Kapasitas tak terbatas, dan kemampuan multimedia yang ditawarkannya menjadikan orang-orang tak bertanggung jawab gampang membuat media online palsu, sebuah media yang ditunggangi kepentingan lain selain jurnalisme. Yang bisa jadi regulasi redaksinya tak jelas. Kalau hal ini gampang ditelisik, cek saja apakah alamat redaksinya jelas di situs itu. Jika tidak, tak usah percaya lagi apa pun yang terbit dari sana.
Tapi ada juga media ternama yang seringkali menyajikan berita tak komprehensif, dengan judul hiperbola yang kadang tak sesuai konten berita. Biasanya berita itu kerap menggunakan kata-kata semacam astagfirullah, subhanallah, ya ampun, tak disangka, kapok, mantap!

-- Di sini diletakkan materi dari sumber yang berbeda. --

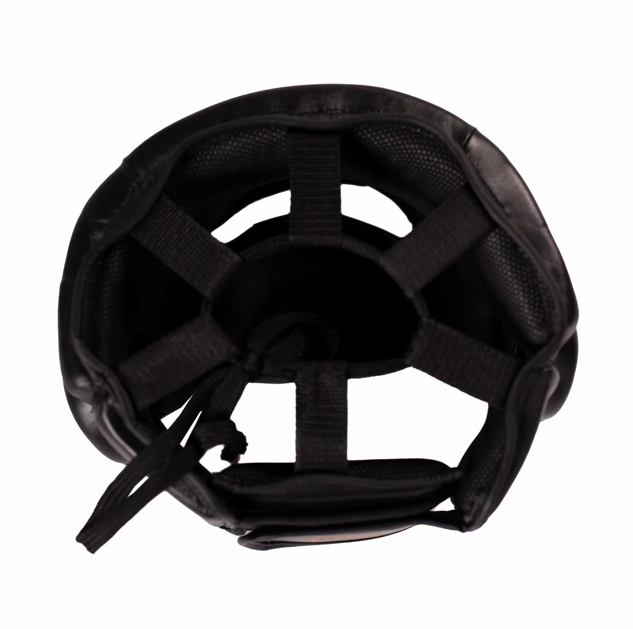 Der hochwertige Leder Kopfschutz mit Bügelfront schützt Nase und Gesicht bei intensiven Boxtraining.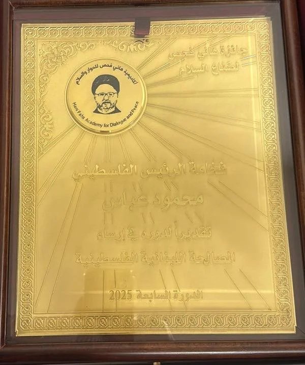 كرمت "أكاديمية هاني فحص للحوار والسلام"، برعاية رئيس مجلس الوزراء نواف سلام، الرئيس الفلسطيني محمود عباس، في احتفال أقيم، مساء اليوم، في مركز التدريب والمؤتمرات التابع لشركة "طيران الشرق الأوسط - الإدارة العامة" - طريق المطار، ومنحته جائزة "صناع السلام"، تقديرا لدوره في إرساء المصالحة اللبنانية – الفلسطينية.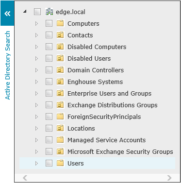 - Browse the Active Directory structure in the left most pane and select the box next to any users you want to import. Click the triangle to expand the Active Directory node. The triangle disappears when a node with no children is expanded. A user selected in the Active Directory browser appears in the import targets table. If you select or clear a container object in the Active Directory browser, then it causes all the contained users to be selected or cleared.

Dan kata sifat lainnya yang bisa mengarahkan pembaca terhadap emosi tertentu sebelum selesai membaca beritanya. Dari pengalaman yang sudah-sudah, media yang menggunakan judul seperti ini bahkan tidak becus dalam masalah ejaan, apalagi masalah verifikasi.
Sehingga jangan sampai celah-celah dari keunggulan jurnalisme online ini malah menkhianati proses jurnalisme itu sendiri.
Maka dari itu, perkembangan pesat jurnalisme online mau tak mau juga harus diikuti perkembangan kecerdasan masyarakatnya dalam menyaring media yang ada. Jangan jadikan keunggulan ini seperti buah simalakama, yang bisa berakhir bahagia atau malah malapetaka.
Karena sesungguhnya, jurnalisme online sama seperti jurnalisme lainnya: hadir untuk menyampaikan fakta, tak peduli apa pun medianya.
Penulis adalah Mahasiswa Departemen Ilmu Politik Fakultas Ilmu Sosial dan Ilmu Politik (FISIP) USU dan merupakan alumni dari Pers Mahasiswa SUARA USU 2014.